The twenty-six-year-old Salvation Army Chief Of Staff then wrote, “I resolved – and recorded the resolve on paper – that no matter what the consequences might be, I would do all I could to stop these abominations, to rouse public opinion, to agitate for the improvement of the law, to bring to justice the adulterers and murderers of innocence, and to make a way of escape for the victims!“3
Working with a new convert, Rebecca Jarrett, a thirty-six year old ex-drunkard and brothel keeper for twenty years, and the famous London editor, William T. Stead, the Salvation Army launched a fantastic plot to confirm and expose the children’s slave traffic – one that was eventually to embroil the Army in bitter controversy, and result not in the arrest and conviction of the child traders, but of Jarrett and Stead!

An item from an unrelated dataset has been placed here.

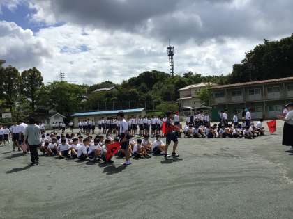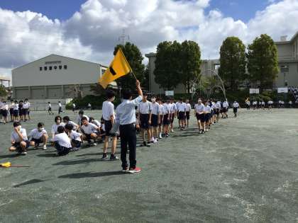 2時間目は今年度2回目の避難訓練を行いました。4月に行った第1回避難訓練では地震に備えた訓練を、今回は調理室から火災が発生したという想定の訓練を実施しました。生徒たちは放送がかかると担任の先生の指示でハンカチを口に当て、素早く運動場に避難することができました。

Jarrett posed as a procurer and Stead as “one of the wealthy debaucherers to whom so many hundreds of the children of the poor were annually sacrificed.” Obtaining a pretty child called Eliza Armstrong for two pounds from her mother, they played out and documented the entire process, releasing it in the July 6, 1885 issue of the Pall Mall Gazette. It took the British public by storm, in a way that can hardly be paralleled in newspaper history. It was in such demand that enterprising newspaper boys sold the last copies at exorbitant prices.
The “dead” Criminal Law Amendment Bill was suddenly resurrected before a packed and excited House of Parliament. Within seventeen days, over 343,000 signatures filled the Salvation Army’s “monster petition” to the House of Commons. Two miles in length, the petition was carried by eight Salvationists onto the floor of the House. In a month, the Bill was law, and the age of consent was raised to sixteen.

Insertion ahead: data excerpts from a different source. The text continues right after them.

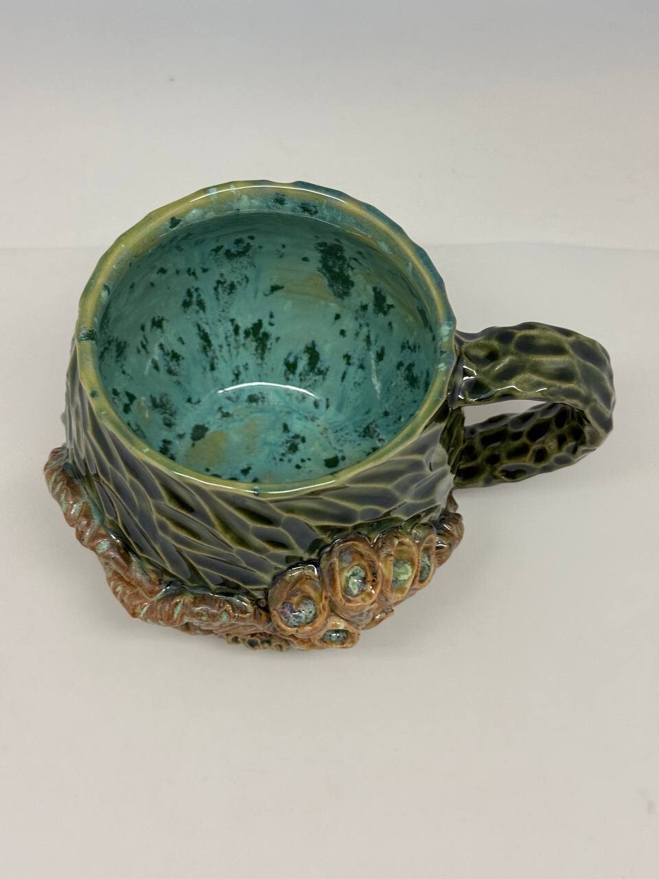 Объём - 400мл, выполнена из немецкой высоко температурной глины и покрыта пищевыми безопасными глазурями, прошла высокий обжиг. Можно мыть в посудомоечной машине и использовать в микроволновке. Полностью ручная работа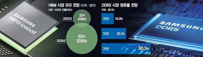 생성형 인공지능(AI) 시장 급성장에 AI용 서버에 필수 탑재되는 고대역폭메모리(HBM)와 더블데이터레이트(DDR)5 등 차세대 D램 제품의 개발·양산에 속도를 내 수익성을 극대화할 계획이다.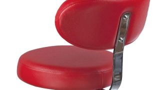Otočná stolička/hocker, farba červená, má dokonale tvarované sedadlo a čalúnenie z kvalitnej ekologickej kože. Výškové nastavenie sa vykonáva hydraulicky, vďaka čomu je univerzálne a veľmi praktické.

But the underworld, outraged at their exposure, counterattacked. They took Stead and Jarrett to court indicting them under an 1861 abduction act! This “most sensational trial of the nineteenth century” ended in Bramwell’s acquital, but Stead and Jarrett respectively received three and six month sentences. They had succeeded. It cost them dearly, but they broke the back of one of the most vile and vicious practices in England’s history.4
1 Richard Collier, The General Next to God, William Collins Sons & Co. Ltd, Glasgow, pp.15-19.
2 Ibid., p.111.
3 Bramwell Booth, Echos and Memories, Hodder and Stough, 1925, p.120.
4 Winkie Pratney, Revival, Agape Force, Lindale Texas, pp.295-299.